DeepSeek AI Unveils DeepSeekMath-V2 for Olympiad Proofs

Overview of DeepSeekMath-V2

DeepSeek AI has launched DeepSeekMath-V2, an open weights large language model optimized for natural language theorem proving with self-verification. Built on DeepSeek-V3.2-Exp-Base, this model comprises a 685B parameter mixture of experts, making it available for deployment under an Apache 2.0 license on Hugging Face.

Evaluation Highlights

DeepSeekMath-V2 scored 118 out of 120 points on Putnam 2024, achieving gold level scores on IMO 2025 and CMO 2024 using scaled test time compute.

Addressing Final Answer Limitations

Most math models utilize reinforcement learning to reward only the final answer. However, DeepSeek's team identified crucial issues with this approach:

Correct numeric answers can stem from flawed reasoning.
Problems like olympiad proofs demand complete arguments, rather than singular numeric solutions.

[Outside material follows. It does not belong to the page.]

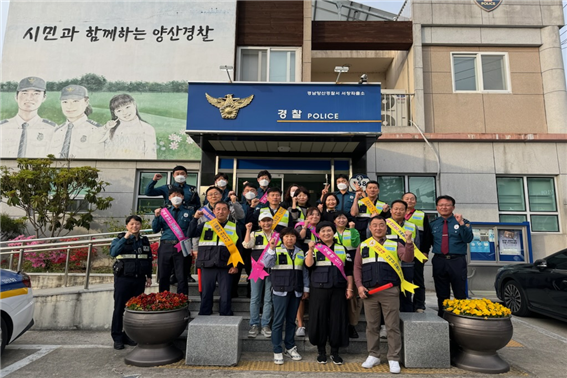 [양산=최성일 기자] 양산경찰서(서장 김대정)는지난 19일(화). 18:00∼19:00경, 지역 플랫폼 치안을 강화하고 시민의 안전한 일상 지키기 위해, 서창동 일원에서 민·관 등 지역사회가 다 함께 참여하는 민관합동 범죄예방 캠페인을 실시했다.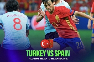 西班牙在與土耳其的交手中取得6勝4平1負(fù)的戰(zhàn)績,唯一一次失利是71年前的1954年,西班牙在世預(yù)賽0-1不敵土耳其。

DeepSeekMath-V2 emphasizes proof quality over mere answer accuracy. The model assesses proof completeness and logical coherence as its primary learning signals.

Verifier-First Training Approach

The system begins with a verifier-first design. The research team trains a language model verifier that assesses the problem and proposed proof, providing both analysis and a score on a scale of 1.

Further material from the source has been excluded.